Even during Vietnam, my reserve unit hadn't been activated, the
recruiters had told me. Seeing action was about as abstract a thought
as nuclear war.
No question that I had joined the Marines on that bet. Even by the
time of our activation, I didn't expect to immediately see the gulf.
Eleven months before, I injured my knee on a weekend drill and was
declared unfit for duty. I didn't know it then, but that would give
me an out. My company flew to Saudi Arabia just days after New
Year's. I was detached to a medical platoon at Lejeune and told I
would rejoin my company when I was fit.
Some 10 days after U.S. forces began bombing Iraq, I was assigned to
barracks adjacent to the conscientious objectors' platoon. I was
regularly ordered to take head counts of the group while they awaited
trials for their military crimes. While it was not a crime to apply
to be a C.O., it was criminal to refuse to obey orders -- in this
case reporting for duty overseas. And Sam Lwin, my new superiors told
me, was trouble. When his reserve unit was activated, they said, Sam
persuaded four others in his company to follow in his steps. He had a
civilian support group (''Hands Off!'') and high-profile attorneys
and had questioned the authority of corporals like myself.

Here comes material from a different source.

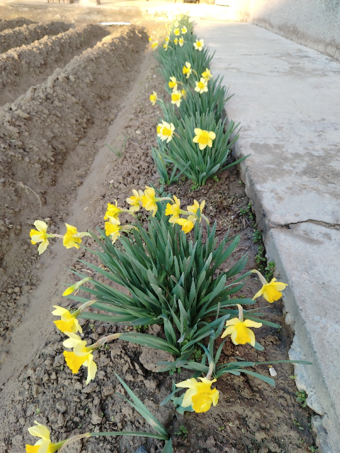 The image displays an outdoor scene in Beshbola, Uzbekistan, featuring a cultivated garden area under clear daylight conditions. A linear bed of blooming yellow daffodils (Narcissus) runs diagonally through the center of the frame, from the lower left towards the upper right. Approximately 20-30 individual daffodil plants are visible, each bearing multiple yellow flowers with distinct trumpet-shaped coronas and paler yellow or cream perianth segments. The daffodils are rooted in dark, moist soil. To the immediate left of the daffodil bed, multiple parallel, raised furrows of tilled dark brown earth are present, suggesting agricultural preparation or planting rows. To the immediate right of the daffodil bed, a light grey concrete or stone pathway extends into the distance, exhibiting minor cracks and wear. The background is slightly out of focus, showing distant ground or structures under direct illumination. No people or animals are present.

But over the next two months at Lejeune, Sam and I began to talk and
play chess. I didn't see him as a criminal. I saw shades of myself
and my doubts. I had heard of conscientious objection only once --
the day I joined the corps. All marines, on the day they enlist, must
initial a statement swearing that they are not now nor have ever been
C.O.'s. A footnote, really.
By February -- near the war's end -- an orthopedic specialist on the
base gave me a choice. I could remain indefinitely on active duty
with the medical platoon. Or I could end my service now. On March 21,
1991, in a small ceremony in front of my medical platoon, I was
honorably discharged. I flew home to Iowa City the next day. Two
months later, Sam was convicted of unauthorized absence and missing a
troop movement. He was sentenced to four months in the brig.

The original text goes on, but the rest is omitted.